VGFlicks: War Games: The Dead Code (Part 1)

A little bit of history about video game movies. It’s hard to believe for the millenials, but there was a time where video games were not a widespread fact of media. Anyone who lived in the 80s and early 90s know what I’m talking about. This was the golden age of arcades, the machines were large and sucked out your cash as long as you were ready to shill out another quarter or a buck to try and beat your own high score. Oh yeah, that was also a time where scores mattered. Also, home computers were a rare thing, and those things were big too. Obviously, this was not a time where there was a single video game popular enough to make a film. And yet, 1983 saw the release of the first movie with video games – or, well, computer games, but you get the picture – as the central point of the story: War Games. The Famicom wasn’t even out in stores! War Games came out in May, the Famicom in July!

War Games was the story of a brilliant teenager (played by Matthew Broderick – still accumulating roles despite our hopes that he had stopped in the early 2000s) using multiple hacking techniques existing at the time, until he finds his way to a simulation game… or so he thinks, as said simulation game reveals itself to be an actual military program designed to launch very real nuclear weapons, and the teenager’s mindless toying with the program takes the entire world closer by the minute to World War Three. That’s kind of a big deal.

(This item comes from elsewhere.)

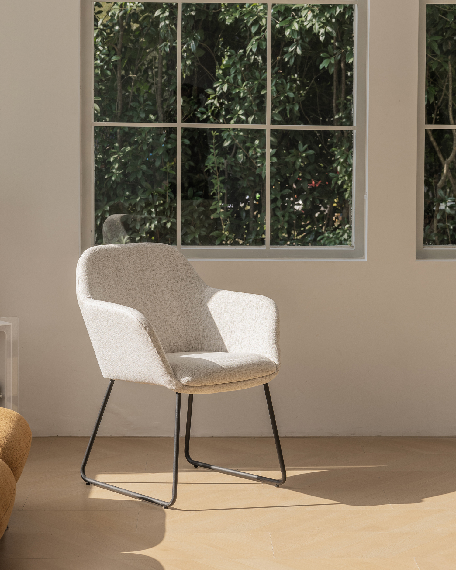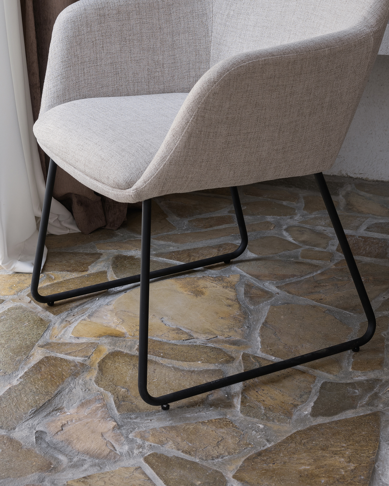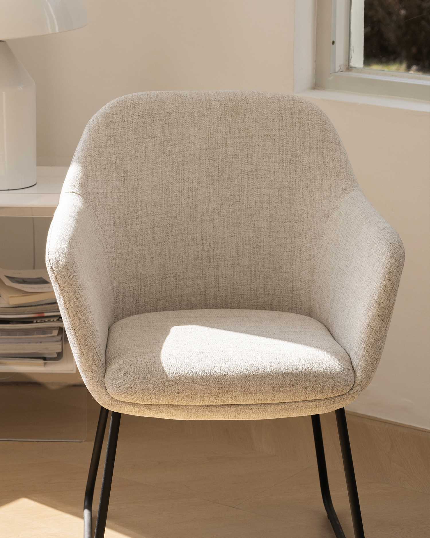 • Seu elegante estofamento bege garante o máximo conforto, enquanto o backrest curvo suporta sua espinha sem esforço. As pernas black metal da cadeira são elegantes e duráveis, garantindo estabilidade e longevidade.
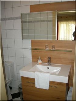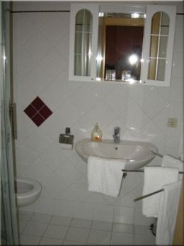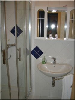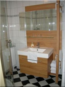 Maritimer Charme und ein geräumiges Badezimmer zeichnen das Seerosenzimmer aus. Starten Sie vom Arkadenhof zu ausgiebigen Rad- oder Wandertouren in den Süden oder Westen!

I haven’t had the honor to see the original War Games movie yet, but until I do, here’s a fun fact for you: In 2008, thus 25 years later, they made a sequel to this. The new film, called War Games: Virtual Boogaloo-er, I mean, War Games: The Dead Code – can be seen as a sequel nobody really asked for. But we got it, and it deals with computer games, so I had to check it out. They managed not to make it a box-office bomb… by not releasing it in theaters, doing a direct-to-DVD release instead. It was also filmed in Montreal, so there’s that. Hey, who knows, this could be good snark material. Let’s plunge into War Games: The Dead Code, and see if it was worth reviving this film with a sequel.

No, you are not watching an animated war film by the
makers of FoodFight. This is the actual quality of the
CGI effects in this film.
The movie starts as a terrorist cell in Afghanistan receives the visit of a bunch of women, no doubt sent there to rise the morale of the troops. And other things too, probably. The terrorists start exhibiting common gun-ho behavior, shooting in the air, and that’s when a drone passing over them drops a warhead on them, killing everyone. Oh, by the way, I get that this was a direct-to-DVD film, but they could have tried to do better with their special effects. This scene contains a whole lot of CGI, and damn can you tell. This is, like, Toy Story-level CGI. Those things look like toys.

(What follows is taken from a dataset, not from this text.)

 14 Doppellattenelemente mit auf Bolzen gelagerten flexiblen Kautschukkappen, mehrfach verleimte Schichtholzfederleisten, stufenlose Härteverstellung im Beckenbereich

Said warhead was launched by the U.S. Department of Homeland Security (which I’ll refer to as Homeland Security from now on), specifically by a machine called RIPLEY, who is in charge of detecting terrorist threats to America. So wait, a computer decided to do that? Gee, let’s hope it never goes crazy. (I’ll be ready to take a shot when it does, because it WILL, that I’m sure of. Not even 5 minutes in and I can read through this film’s twists already. Not a good sign.)

This is Will. Not pictured: Dennis. You'll thank me later.
We cut to Philadelphia, where teenage computer whiz Will Farmer (played by Matt Lanter) is enjoying some time with his friend Dennis, who’s playing a computer game. Please tell me Dennis’ role is minor in this, because damn does he sound like an annoying guy. And that computer game’s graphics? They look older than 2008, that’s for sure. As for Will, the actual protagonist (thank God), he’s excellent at hacking, though that got him in trouble previously and thus he’s trying to avoid doing any more of it for now. He’s also quite the gadgeteer. As the two leave for school, Will is accosted by his neighbor, Sayid Massude, who can no longer access his online bank accounts. Will frequently helps Mr. Massude and thus promises to look into it as soon as possible.

Colm Feore! I am so fanboying right now!
We’re back in D.C. now, where the head of Homeland Security T. Kenneth Hassert, played by, *gasp!*, Colm Feore!, has just arrived. Mr. Feore, you were amazing in Bon Cop Bad Cop! I can’t wait for the sequel! You were great in Thor too! I want an autograph! True, you were in Pearl Harbor, but hey, everyone makes mistakes. Anyway, Hassert reveals that the terrorist cell blown up by cheap CGI in the intro had earned three millions dollars through playing a game hidden in the darker corners of the Internet, called (obviously) RIPLEY. In that game, players bet an amount of money as well as a number of casualties, and must succeed in killing off their target number of victims in the allotted time. Entering said game also installs spyware in the computer of the person playing. Players who go as far as Level 5 are immediately labelled a threat to homeland security, as getting there requires great knowledge of weapon systems, terror tactics and biohazards.

Ah yes, because everyone knows that gamers stop playing a game when they lose at it, and don’t ever go back to it in an attempt to win. Though, granted, the players need to bet big sums of money to play, so I guess if you can no longer bet money, you can't play. Honestly, this whole thing just smells like trouble brewing. Hint hint: If you know nothing about gaming or gamers, don’t put video games in your plans.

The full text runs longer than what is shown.